5th International Conference on Spoken Language Processing

Sydney, Australia
November 30 - December 4, 1998

Discriminative Weighting of Multi-Resolution Sub-Band Cepstral Features for Speech Recognition

Philip McMahon, Paul McCourt, Saeed Vaseghi

The Queen's University of Belfast, Ireland

This paper explores possible strategies for the recombination of independent multi-resolution sub-band based recognisers. The multi-resolution approach is based on the premise that additional cues for phonetic discrimination may exist in the spectral correlates of a particular sub-band, but not in another.
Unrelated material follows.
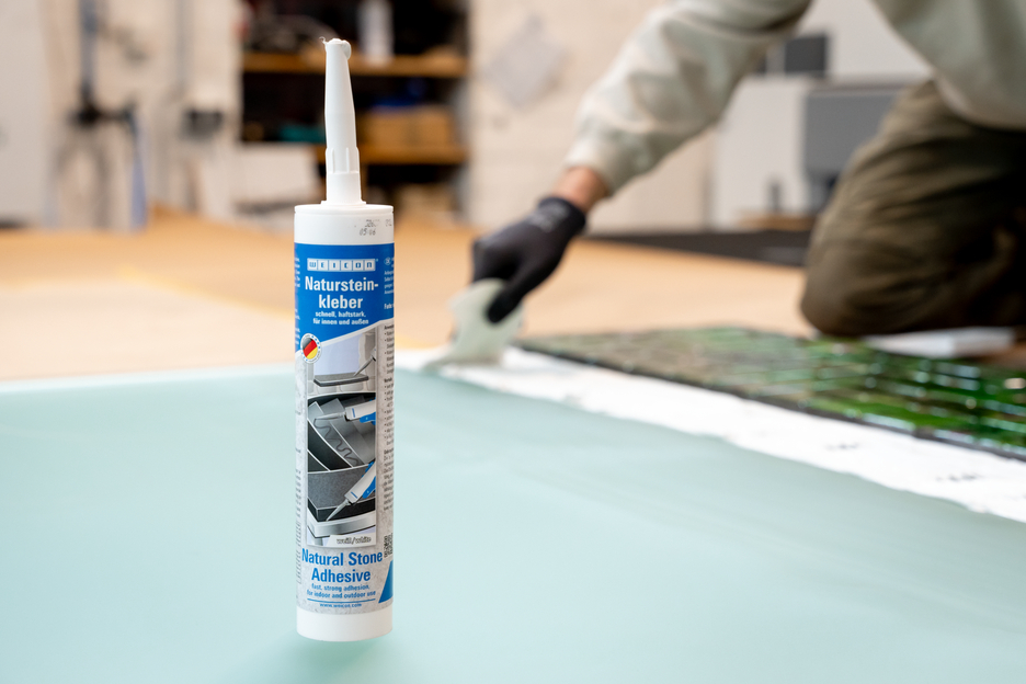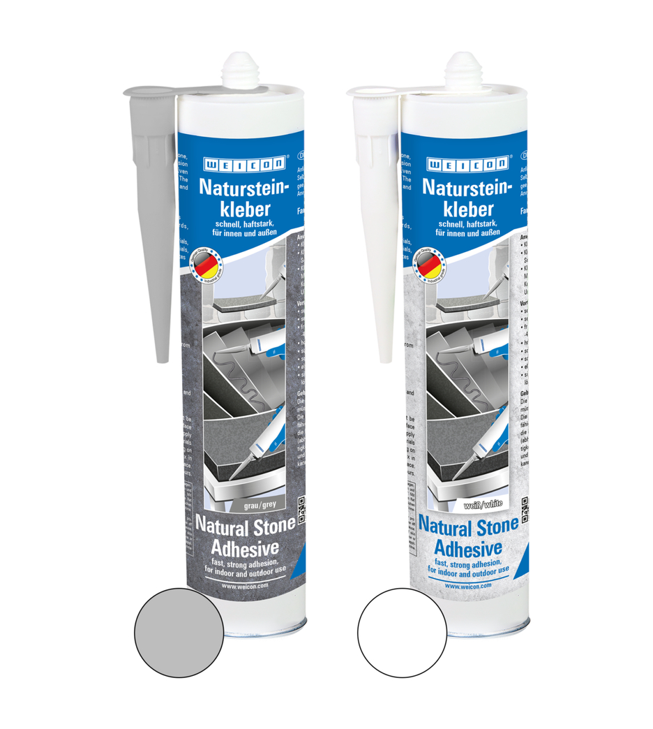 La colle WEICON pour Pierres Naturelles est une colle à forte adhérence pour le montage de pierres naturelles, de pierres et de céramiques. Grâce à sa très forte adhérence initiale et à la montée rapide du pouvoir adhésif, les collages sont possibles même sur des surfaces verticales, comme les murs. La colle à pierre convient à de nombreuses applications à l'intérieur et à l'extérieur. Elle résiste au gel, présente une résistance élevée aux températures de -40 °C à +90 °C ainsi qu'aux intempéries et aux UV. La colle pour pierres naturelles durcit rapidement et a une résistance finale très élevée. Après le durcissement, la colle peut être poncée et reste élastique, ce qui permet de compenser les mouvements. La colle à pierre est exempte de silicone, d'isocyanates, d'halogènes et de solvants. Elle peut être utilisée dans les applications les plus diverses - que ce soit pour le collage d'appuis de fenêtre, de carrelages, de plinthes, de plinthes décoratives ou de marches d'escalier. La Colle WEICON pour Pierres Naturelles adhère très bien sur les matériaux les plus divers, comme le bois, les matériaux dérivés du bois, les matières plastiques, les métaux, le verre et les supports minéraux. Elle est disponible en gris et en blanc.
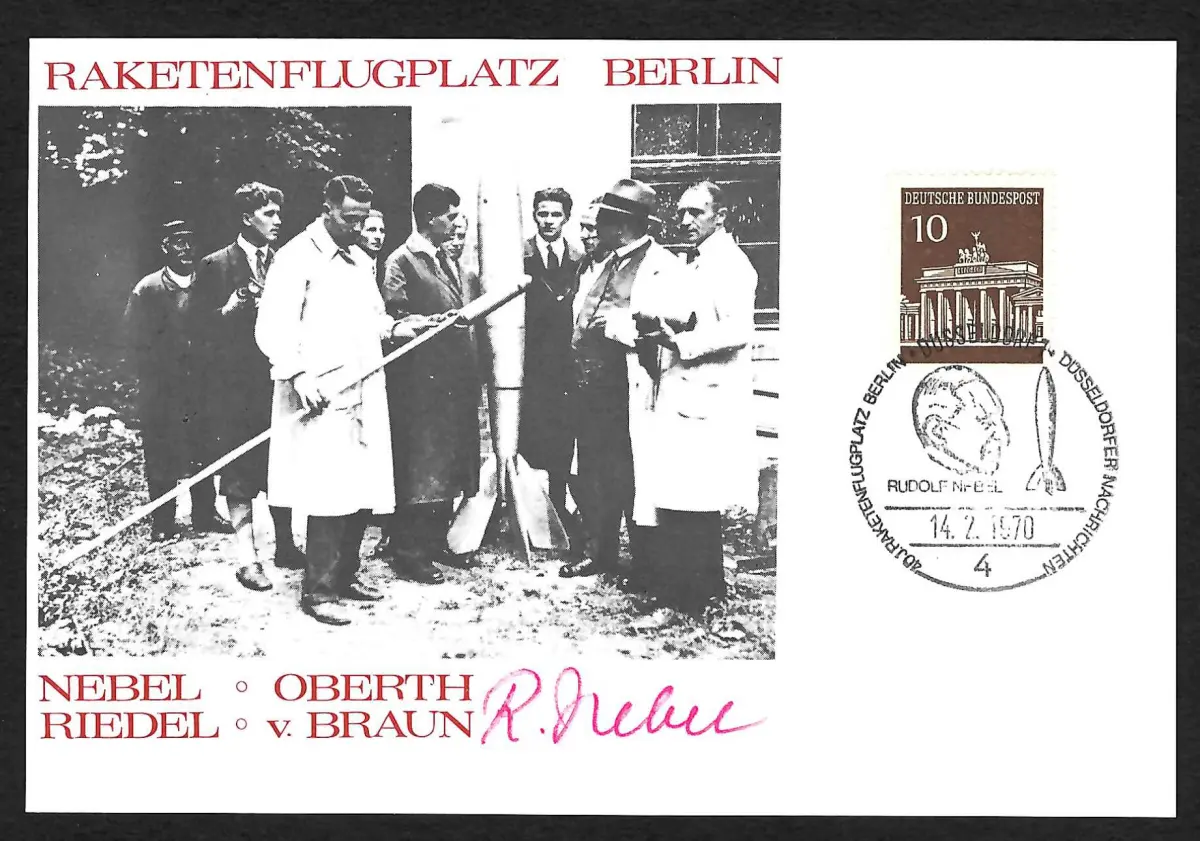 Bund 1970: Raketenflugplatz Berlin erste Flüssigkeitsrakete, Autogramm Ru. Nebel

Weights are derived via discriminative training using the 'Minimum Classification Error' (MCE) criterion on log-likelihood scores. Using this criterion the weights for correct and competing classes are adjusted in opposite directions, thus conveying the sense of enforcing separation of confusable classes. Discriminative re-combination is shown to provide significant increases for both phone classification and continuous recognition tasks on the TIMIT database. Weighted recombination of independent multi-resolution sub-band models is also shown to provide robustness improvements in broadband noise.

Full Paper

Bibliographic reference.  McMahon, Philip / McCourt, Paul / Vaseghi, Saeed (1998): "Discriminative weighting of multi-resolution sub-band cepstral features for speech recognition", In ICSLP-1998, paper 0315.